**Work instruction:** Reproduce the data below exactly as written. Pictures do not belong in the copy.

**Extracted data:**
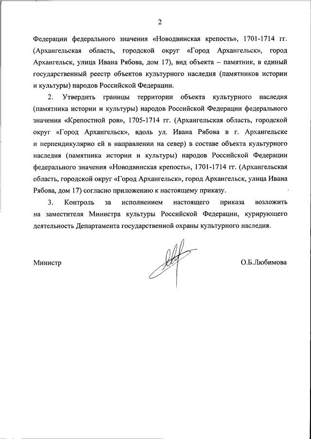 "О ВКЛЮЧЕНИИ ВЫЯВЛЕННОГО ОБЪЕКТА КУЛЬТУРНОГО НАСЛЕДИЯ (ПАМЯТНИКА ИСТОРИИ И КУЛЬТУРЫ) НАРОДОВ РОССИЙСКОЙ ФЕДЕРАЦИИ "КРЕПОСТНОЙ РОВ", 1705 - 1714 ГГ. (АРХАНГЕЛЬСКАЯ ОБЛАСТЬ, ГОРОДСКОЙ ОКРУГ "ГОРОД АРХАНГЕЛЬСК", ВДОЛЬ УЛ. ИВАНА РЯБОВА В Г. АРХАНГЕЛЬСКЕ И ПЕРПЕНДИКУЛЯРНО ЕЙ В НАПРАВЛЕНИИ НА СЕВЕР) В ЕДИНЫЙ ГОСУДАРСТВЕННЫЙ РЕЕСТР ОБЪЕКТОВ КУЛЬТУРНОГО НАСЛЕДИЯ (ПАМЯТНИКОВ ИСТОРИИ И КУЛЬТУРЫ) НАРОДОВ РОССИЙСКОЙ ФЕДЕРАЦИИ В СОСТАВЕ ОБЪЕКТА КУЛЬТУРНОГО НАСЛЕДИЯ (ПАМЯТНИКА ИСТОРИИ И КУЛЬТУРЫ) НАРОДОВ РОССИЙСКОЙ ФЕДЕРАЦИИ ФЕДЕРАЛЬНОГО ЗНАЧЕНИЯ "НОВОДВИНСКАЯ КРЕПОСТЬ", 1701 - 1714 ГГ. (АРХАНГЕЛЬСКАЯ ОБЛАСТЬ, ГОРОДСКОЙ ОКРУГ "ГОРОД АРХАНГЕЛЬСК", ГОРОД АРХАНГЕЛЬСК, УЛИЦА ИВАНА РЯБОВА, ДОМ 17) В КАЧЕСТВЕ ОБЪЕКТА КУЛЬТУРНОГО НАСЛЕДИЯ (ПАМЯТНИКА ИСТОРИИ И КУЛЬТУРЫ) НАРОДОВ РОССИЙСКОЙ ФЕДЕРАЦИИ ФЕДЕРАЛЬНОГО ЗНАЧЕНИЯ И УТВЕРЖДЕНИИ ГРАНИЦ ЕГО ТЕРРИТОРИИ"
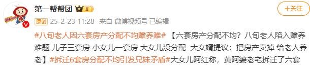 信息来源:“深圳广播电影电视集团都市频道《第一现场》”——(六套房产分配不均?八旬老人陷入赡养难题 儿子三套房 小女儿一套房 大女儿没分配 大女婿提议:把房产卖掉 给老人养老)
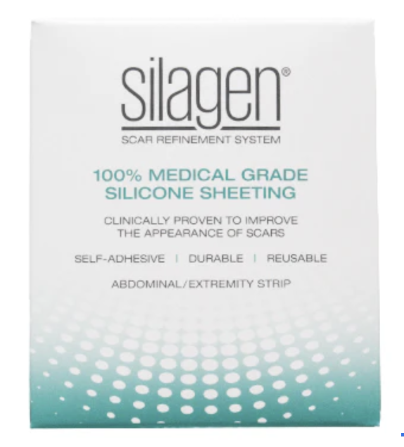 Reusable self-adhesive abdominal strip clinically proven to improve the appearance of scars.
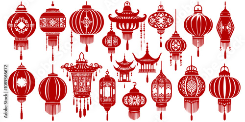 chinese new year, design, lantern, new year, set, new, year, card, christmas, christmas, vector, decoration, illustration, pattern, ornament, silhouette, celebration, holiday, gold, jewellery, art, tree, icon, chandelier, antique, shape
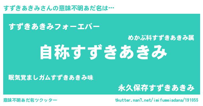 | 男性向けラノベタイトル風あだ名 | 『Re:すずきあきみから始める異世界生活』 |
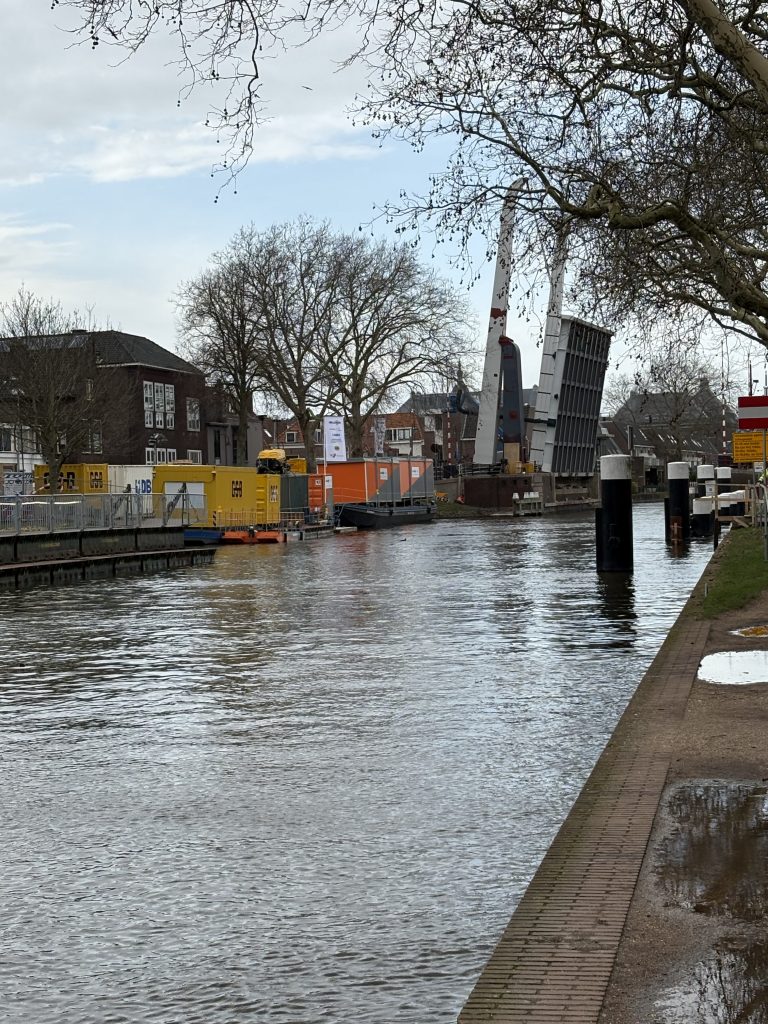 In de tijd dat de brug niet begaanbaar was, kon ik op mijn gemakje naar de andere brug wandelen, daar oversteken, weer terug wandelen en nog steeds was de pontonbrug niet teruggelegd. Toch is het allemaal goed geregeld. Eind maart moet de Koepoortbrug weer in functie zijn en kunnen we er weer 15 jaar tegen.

**Your solution:**
 "О ВКЛЮЧЕНИИ ВЫЯВЛЕННОГО ОБЪЕКТА КУЛЬТУРНОГО НАСЛЕДИЯ (ПАМЯТНИКА ИСТОРИИ И КУЛЬТУРЫ) НАРОДОВ РОССИЙСКОЙ ФЕДЕРАЦИИ "КРЕПОСТНОЙ РОВ", 1705 - 1714 ГГ. (АРХАНГЕЛЬСКАЯ ОБЛАСТЬ, ГОРОДСКОЙ ОКРУГ "ГОРОД АРХАНГЕЛЬСК", ВДОЛЬ УЛ. ИВАНА РЯБОВА В Г. АРХАНГЕЛЬСКЕ И ПЕРПЕНДИКУЛЯРНО ЕЙ В НАПРАВЛЕНИИ НА СЕВЕР) В ЕДИНЫЙ ГОСУДАРСТВЕННЫЙ РЕЕСТР ОБЪЕКТОВ КУЛЬТУРНОГО НАСЛЕДИЯ (ПАМЯТНИКОВ ИСТОРИИ И КУЛЬТУРЫ) НАРОДОВ РОССИЙСКОЙ ФЕДЕРАЦИИ В СОСТАВЕ ОБЪЕКТА КУЛЬТУРНОГО НАСЛЕДИЯ (ПАМЯТНИКА ИСТОРИИ И КУЛЬТУРЫ) НАРОДОВ РОССИЙСКОЙ ФЕДЕРАЦИИ ФЕДЕРАЛЬНОГО ЗНАЧЕНИЯ "НОВОДВИНСКАЯ КРЕПОСТЬ", 1701 - 1714 ГГ. (АРХАНГЕЛЬСКАЯ ОБЛАСТЬ, ГОРОДСКОЙ ОКРУГ "ГОРОД АРХАНГЕЛЬСК", ГОРОД АРХАНГЕЛЬСК, УЛИЦА ИВАНА РЯБОВА, ДОМ 17) В КАЧЕСТВЕ ОБЪЕКТА КУЛЬТУРНОГО НАСЛЕДИЯ (ПАМЯТНИКА ИСТОРИИ И КУЛЬТУРЫ) НАРОДОВ РОССИЙСКОЙ ФЕДЕРАЦИИ ФЕДЕРАЛЬНОГО ЗНАЧЕНИЯ И УТВЕРЖДЕНИИ ГРАНИЦ ЕГО ТЕРРИТОРИИ"
 信息来源:“深圳广播电影电视集团都市频道《第一现场》”——(六套房产分配不均?八旬老人陷入赡养难题 儿子三套房 小女儿一套房 大女儿没分配 大女婿提议:把房产卖掉 给老人养老)
 Reusable self-adhesive abdominal strip clinically proven to improve the appearance of scars.
 chinese new year, design, lantern, new year, set, new, year, card, christmas, christmas, vector, decoration, illustration, pattern, ornament, silhouette, celebration, holiday, gold, jewellery, art, tree, icon, chandelier, antique, shape
 | 男性向けラノベタイトル風あだ名 | 『Re:すずきあきみから始める異世界生活』 |
 In de tijd dat de brug niet begaanbaar was, kon ik op mijn gemakje naar de andere brug wandelen, daar oversteken, weer terug wandelen en nog steeds was de pontonbrug niet teruggelegd. Toch is het allemaal goed geregeld. Eind maart moet de Koepoortbrug weer in functie zijn en kunnen we er weer 15 jaar tegen.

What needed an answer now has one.